Вне этих двух лагерей стоял человек, державший оба эти лагеря в узде, и человек этот звался Робеспьер.
V
Внизу стлался ужас, который может быть благородным, и страх, который всегда низок. Вверху шумели бури страстей, героизма, самопожертвования, ярости, а ниже притаилась суетливая толпа безликих. Дно этого собрания именовалось «Равниной». Сюда скатывалось все шаткое, все колеблющееся, все маловеры, все выжидатели, все медлители, все соглядатаи, и каждый кого-нибудь да боялся. Гора была местом избранных, Жиронда была местом избранных; Равнина была толпой. Дух Равнины был воплощен и сосредоточен в Сийесе.

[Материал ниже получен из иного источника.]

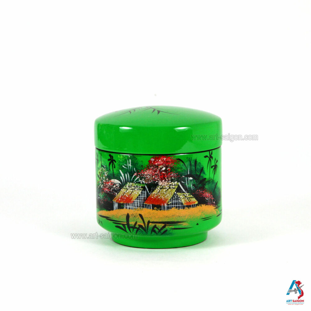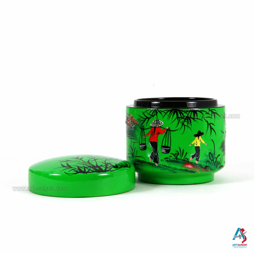 Belle boîte ronde avec couvercle afin de ranger diverses choses à l’intérieur comme des bijoux, bagues, boucle d’oreille, bracelet, colliers et autres. Elle est fabriquée en bois laqué sur un fond vert. Le dessin sur le dessus de la boite représente une scène de la campagne du Vietnam avec ses paysans et son paysage. Elle est faite entièrement à la main avec des techniques traditionnelles d’autrefois.
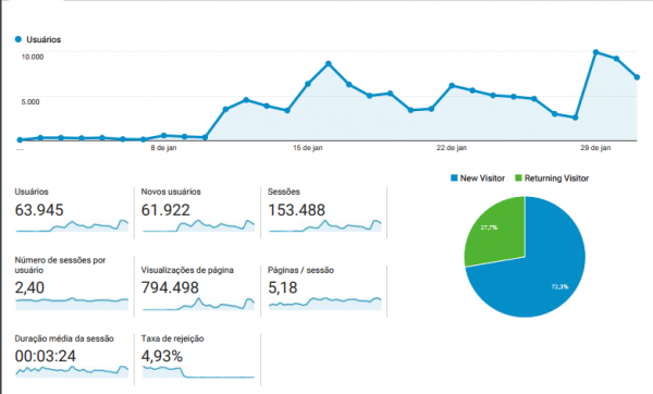 Em janeiro, o site da Prefeitura dobrou o número de visitas em relação ao mês de dezembro e se tornou o segundo veículo mais acessado da cidade, passando de 380 mil para 794 mil acessos. Os dados foram obtidos pelo Núcleo de Tecnologia da Informação (NTI) da Prefeitura através do site similarweb.com, cuja principal função é realizar a sondagem de acessos online.

Сийес был человеком глубокомысленным, чье глубокомыслие обернулось пустотой. Он застрял в третьем сословии и не сумел подняться до народа. Иные умы словно нарочно созданы для того, чтобы застревать на полпути. Сийес звал Робеспьера тигром, а тот величал его кротом. Этот метафизик пришел в конце концов не к разуму, а к благоразумию. Он был придворным революции, а не ее слугой. Он брал лопату и шел вместе с народом перекапывать Марсово поле, но шел в одной упряжке с Александром Богарне. На каждом шагу он проповедовал энергию, но не знал ее сам. Он говорил жирондистам: «Привлеките на вашу сторону пушки». Есть мыслители-ратоборцы; такие, подобно Кондорсе, шли за Верньо или, подобно Камиллу Демулену, шли за Дантоном. Но есть и такие мыслители, которые стремятся лишь к одному — выжить любой ценой; такие шли за Сийесом.
На дно бочки с самым добрым вином выпадает мутный осадок. Под «Равниной» помещалось «Болото».309
Сквозь мерзкий отстой явственно просвечивало себялюбие. Здесь молча выжидали, щелкая от страха зубами, немотствующие трусы. Нет зрелища гаже. Готовность принять любой позор и ни капли стыда; затаенная злоба; недовольство, скрытое личиной раболепства. Все они были напуганы и циничны; всеми двигала отвага, исходящая из безудержной трусости; предпочитали в душе Жиронду, а присоединялись к Горе; от их слова зависела развязка; они держали руку того, кого ждал успех; они предали Людовика XVI — Верньо, Верньо — Дантону, Дантона — Робеспьеру, Робеспьера — Тальену. При жизни они клеймили Марата, после смерти обожествляли его. Они поддерживали все вплоть до того дня, пока не опрокидывали все. Они чутьем угадывали, что зашаталось, и стремились нанести последний удар.
В их глазах, — ибо они брались служить любому, лишь бы тот сидел прочно, — пошатнуться — значило предать их. Они были числом, силой, страхом. Отсюда-то их смелость — смелость подлецов.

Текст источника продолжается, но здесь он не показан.